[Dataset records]
################
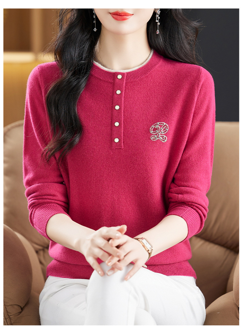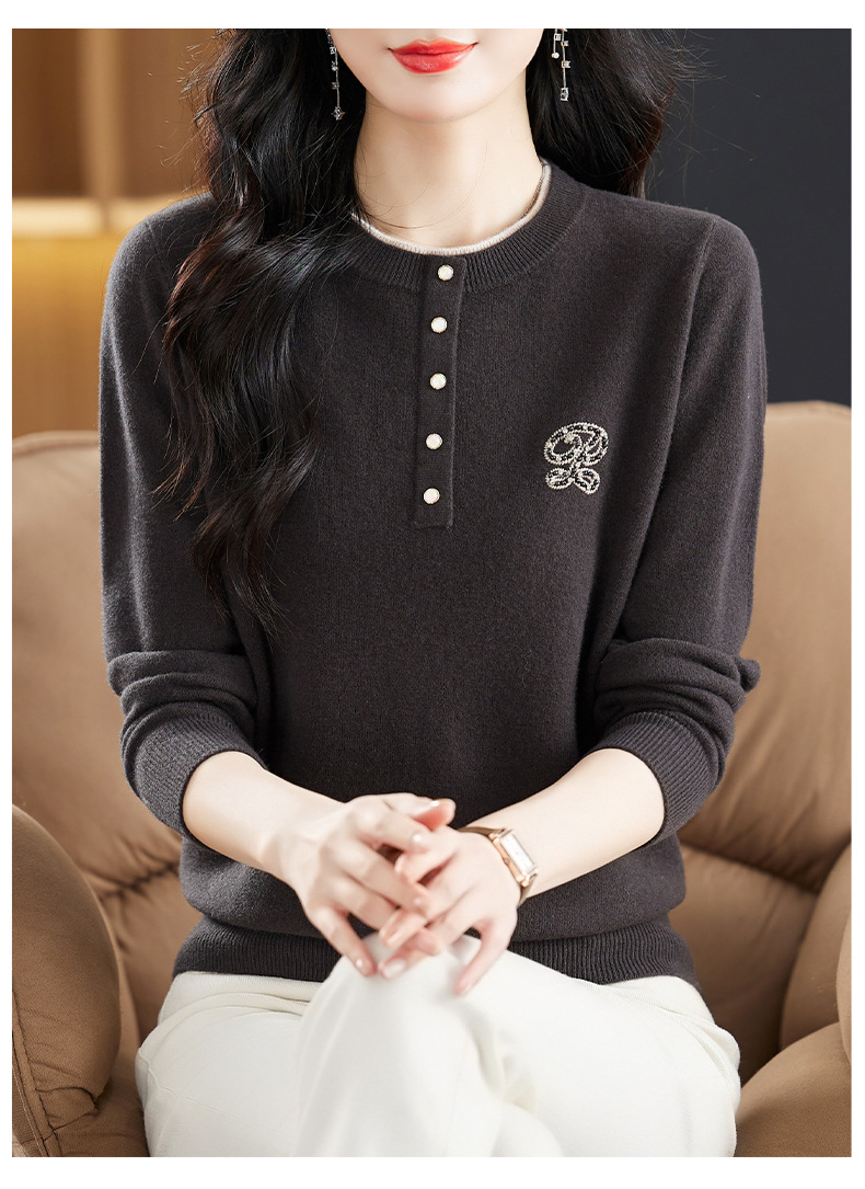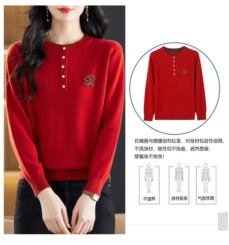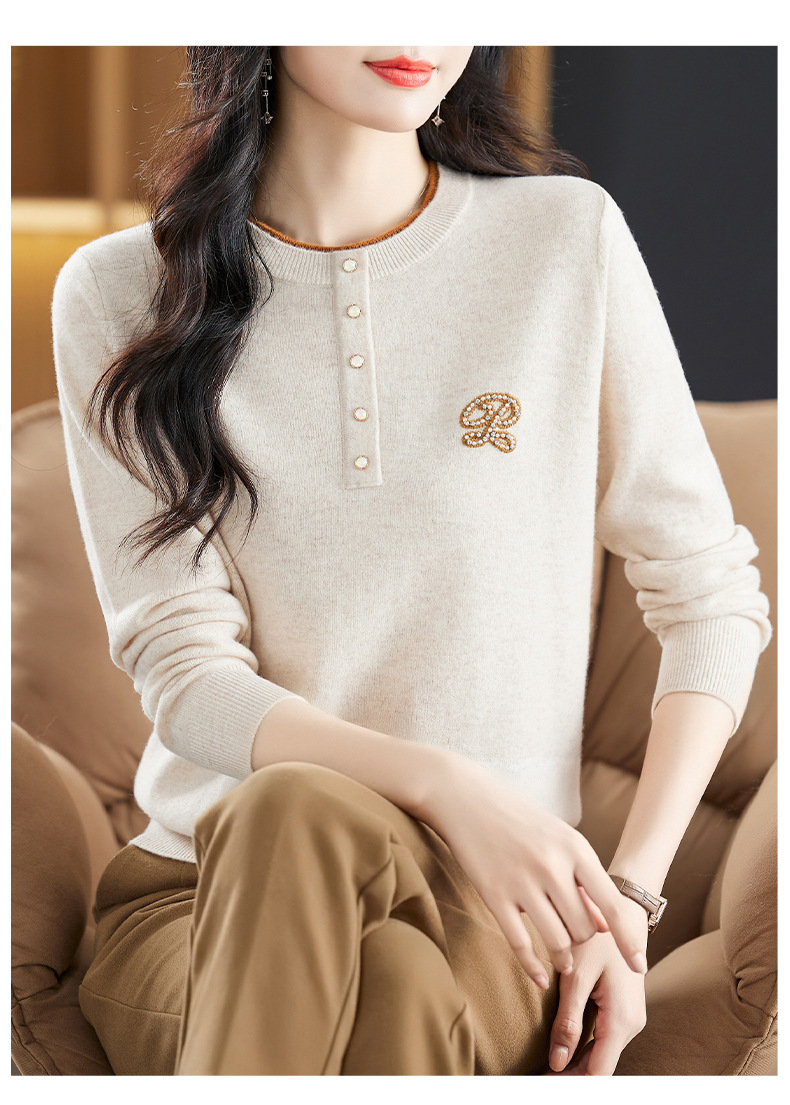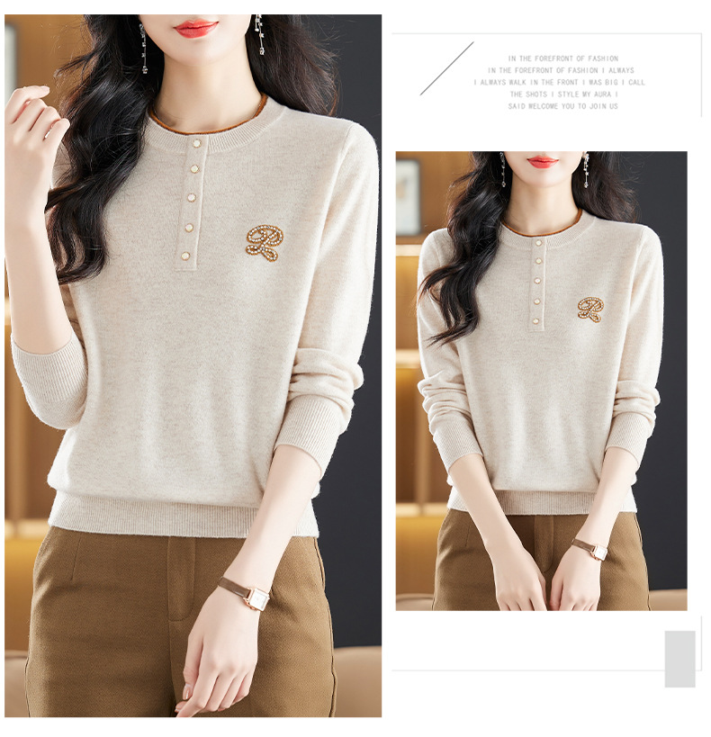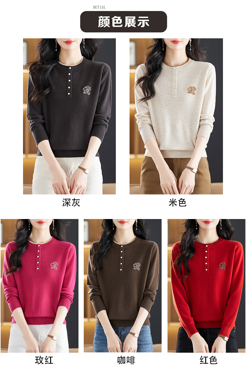 CC-DW-690短款长袖100纯羊毛衫女2024新款秋冬简约圆领打底衫针织毛衣
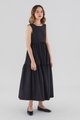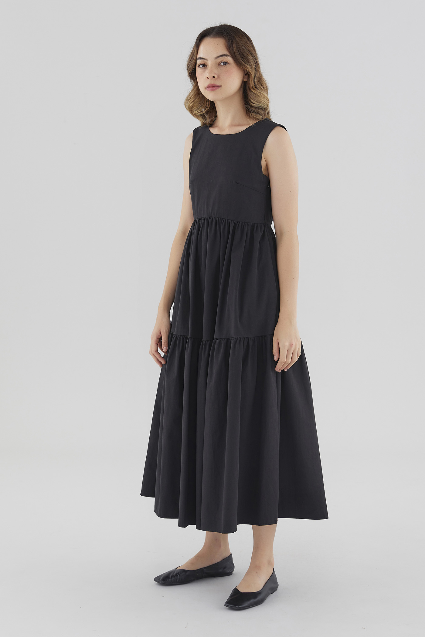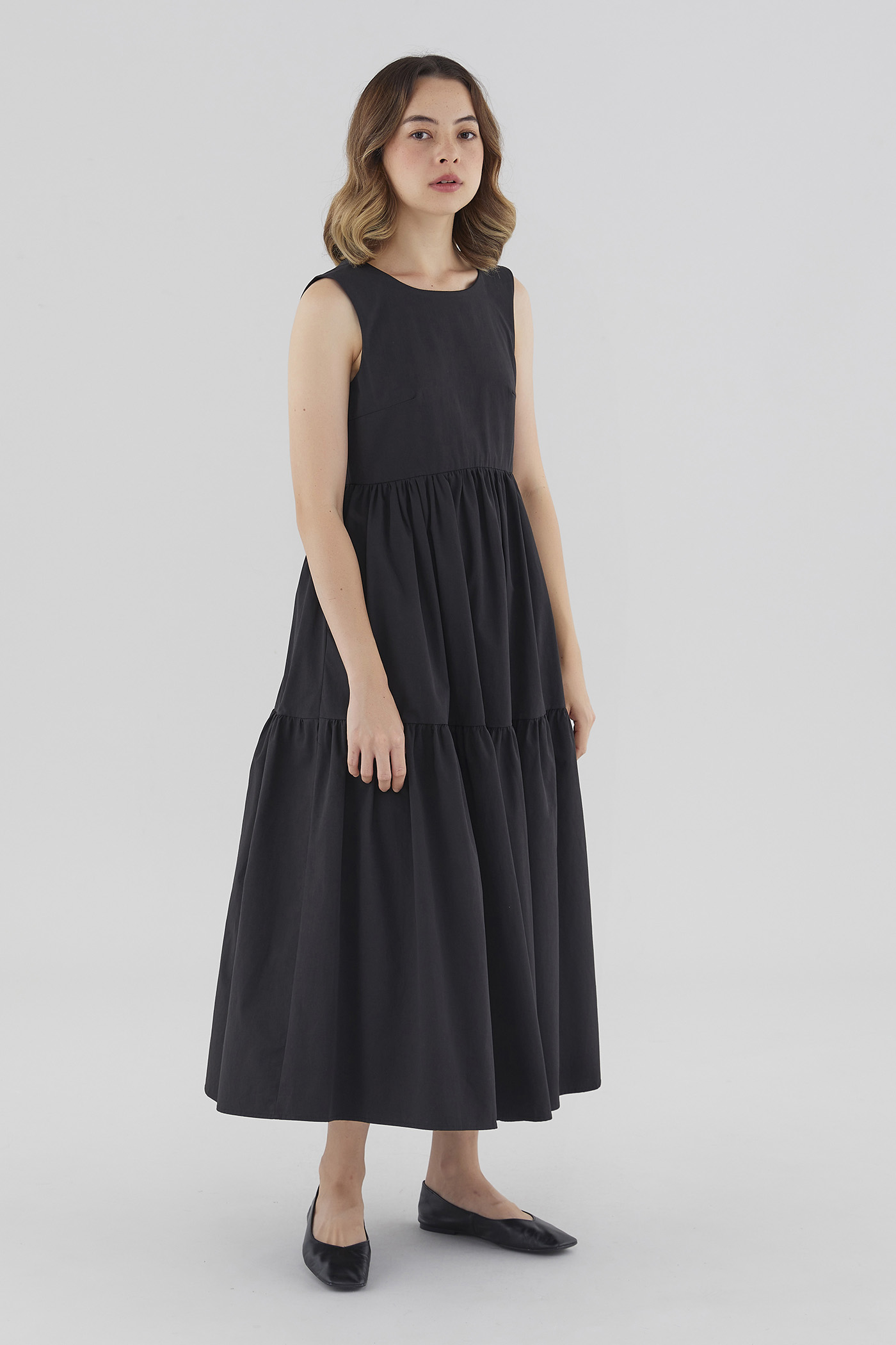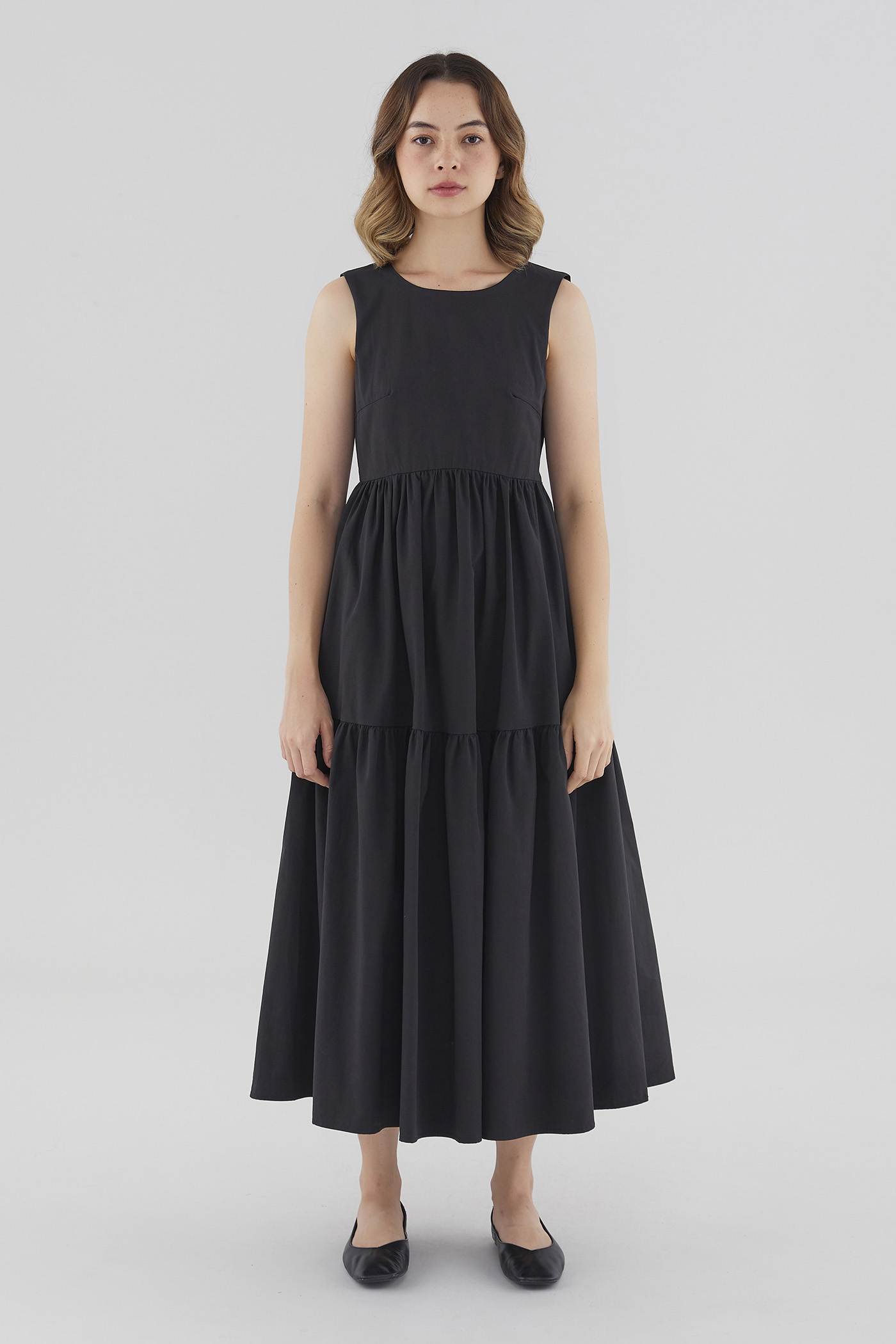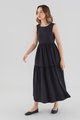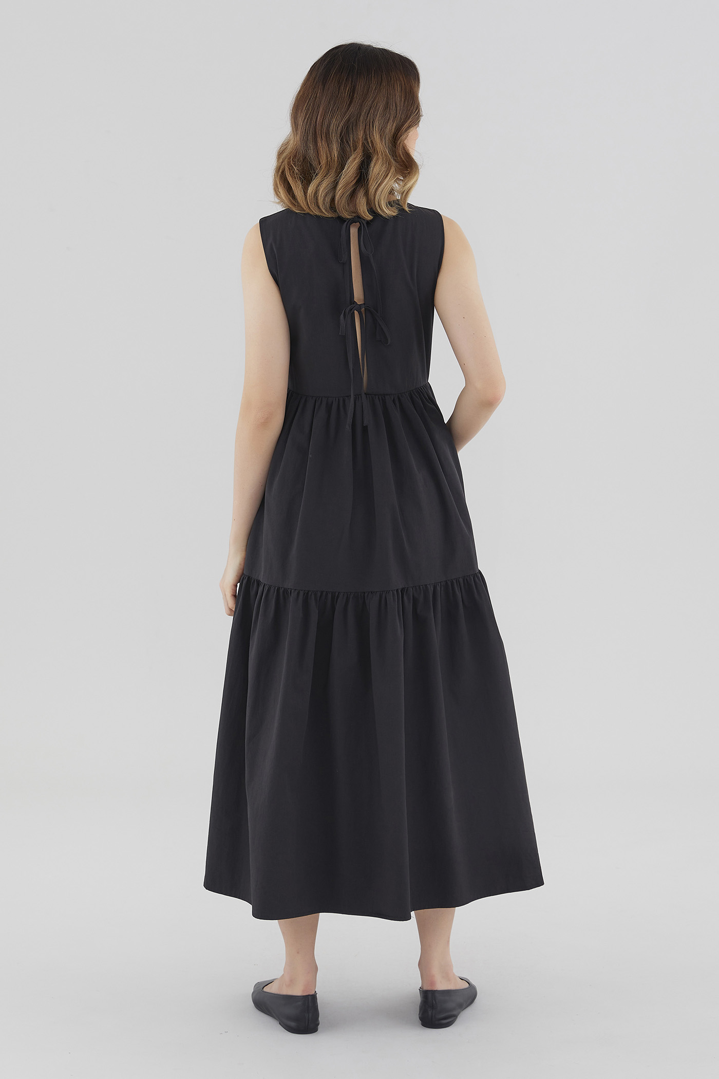 Statement details. Cut from smooth cotton with a structured drape, this sleeveless maxi dress features a round neckline, wide non-adjustable straps, a tiered skirt and a back slit with double tie-straps. Fits relaxed with a side zip closure.
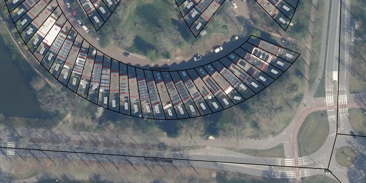 Gebruik de zoekbalk of klik op een perceel voor informatie over de adressen binnen dit perceel.
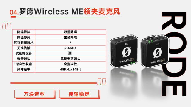 罗德(RØDE)是一家专业的音频设备制造商,以生产高质量的麦克风和音频配件而闻名。Wireless ME是一款一拖一无线麦克风系统,采用2.4GHz数字传输技术,传输范围可达100米以上。其发射器和接收器都为经典的方块造型设计,重量均为32g,体积较大,不过便于携带和使用。它还具备GainAssist技术,能够自动优化音频增益,提供清晰的音频。Wireless ME适用于相机、电脑和智能手机等多种设备,并且与免费的罗德视频和音频应用程序兼容。
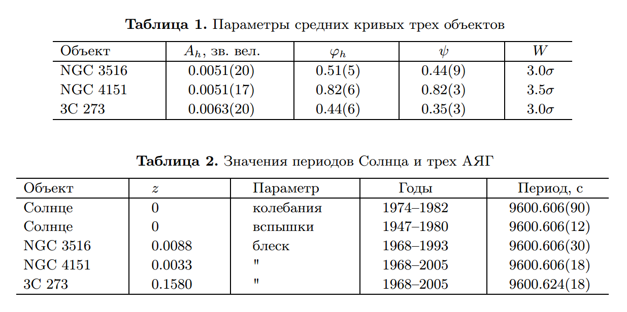 Колебания яркости квазаров в таблице 1 происходят синхронно: либо в фазе, либо в антифазе; у квазаров NGC 3516 и 3C273 – в фазе, а по отношению к NG 4151– в антифазе. Кроме того, амплитуды колебаний у всех трех объектов почти не отличаются, можно даже предположить, учитывая разброс данных, что они совершенно одинаковы. Процессы совершенно разной природы: колебания Солнечной фотосферы, вспышки на Солнце, блеск квазаров происходят в одном и том же ритме с периодом 160 минут (9600 с) – таблица 2.
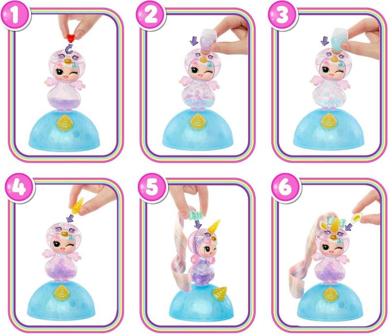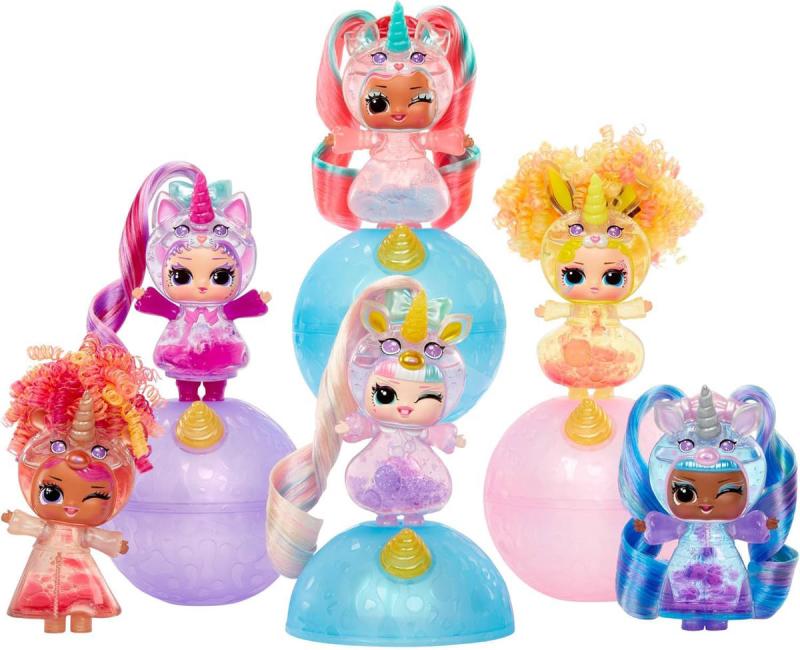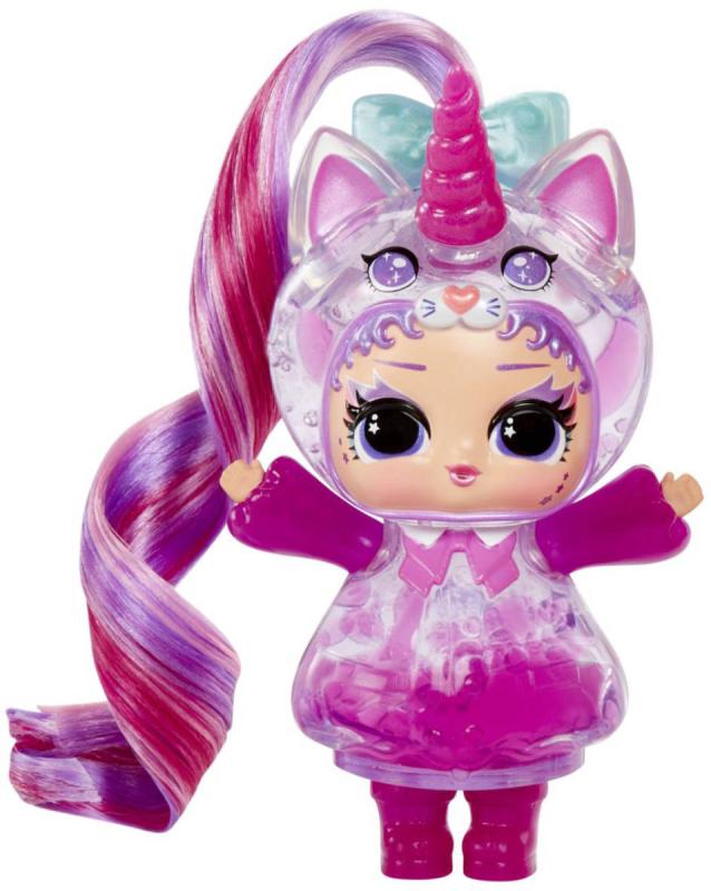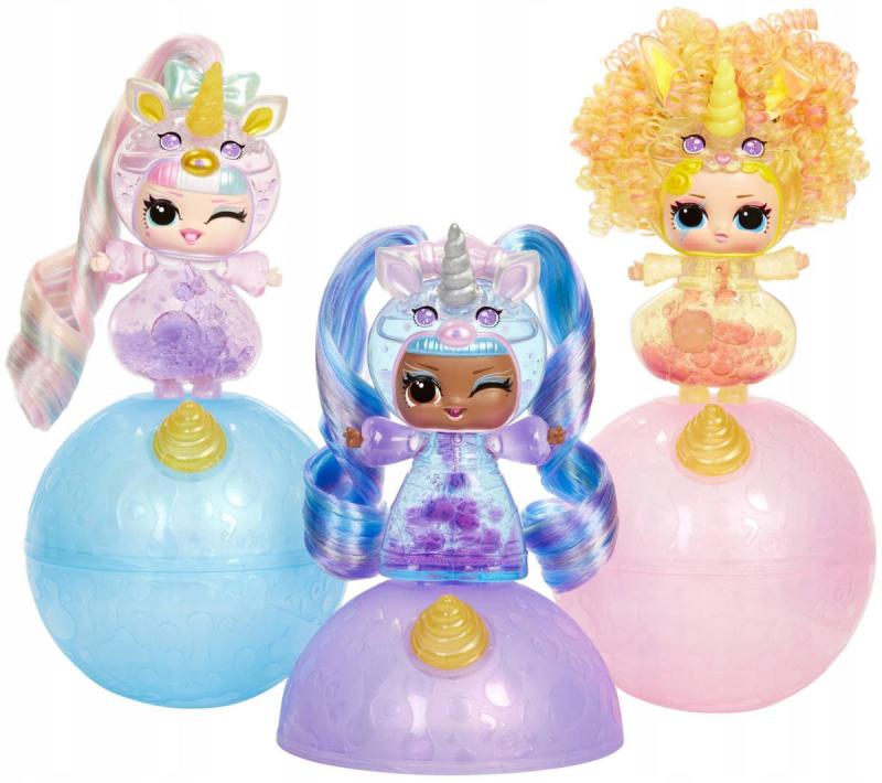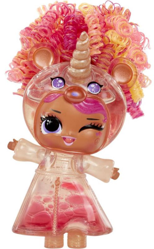 L.O.L. Surprise! panenka s průhledným tělem a hlavou ve tvaru jednorožce. V balení najdeš 2 lahvičky s tekutinou k naplnění těla. Po naplnění budou v panence klouzat barevné bubliny a panenka bude vyvolávat efekt lávové lampy. V sérii můžeš sesbírat 8 panenek.
################
» **PROBLEM STATEMENT**:
The entries above are to be repeated exactly, except for any pictures.

» **ANSWER SPACE**:
 CC-DW-690短款长袖100纯羊毛衫女2024新款秋冬简约圆领打底衫针织毛衣
 Statement details. Cut from smooth cotton with a structured drape, this sleeveless maxi dress features a round neckline, wide non-adjustable straps, a tiered skirt and a back slit with double tie-straps. Fits relaxed with a side zip closure.
 Gebruik de zoekbalk of klik op een perceel voor informatie over de adressen binnen dit perceel.
 罗德(RØDE)是一家专业的音频设备制造商,以生产高质量的麦克风和音频配件而闻名。Wireless ME是一款一拖一无线麦克风系统,采用2.4GHz数字传输技术,传输范围可达100米以上。其发射器和接收器都为经典的方块造型设计,重量均为32g,体积较大,不过便于携带和使用。它还具备GainAssist技术,能够自动优化音频增益,提供清晰的音频。Wireless ME适用于相机、电脑和智能手机等多种设备,并且与免费的罗德视频和音频应用程序兼容。
 Колебания яркости квазаров в таблице 1 происходят синхронно: либо в фазе, либо в антифазе; у квазаров NGC 3516 и 3C273 – в фазе, а по отношению к NG 4151– в антифазе. Кроме того, амплитуды колебаний у всех трех объектов почти не отличаются, можно даже предположить, учитывая разброс данных, что они совершенно одинаковы. Процессы совершенно разной природы: колебания Солнечной фотосферы, вспышки на Солнце, блеск квазаров происходят в одном и том же ритме с периодом 160 минут (9600 с) – таблица 2.
 L.O.L. Surprise! panenka s průhledným tělem a hlavou ve tvaru jednorožce. V balení najdeš 2 lahvičky s tekutinou k naplnění těla. Po naplnění budou v panence klouzat barevné bubliny a panenka bude vyvolávat efekt lávové lampy. V sérii můžeš sesbírat 8 panenek.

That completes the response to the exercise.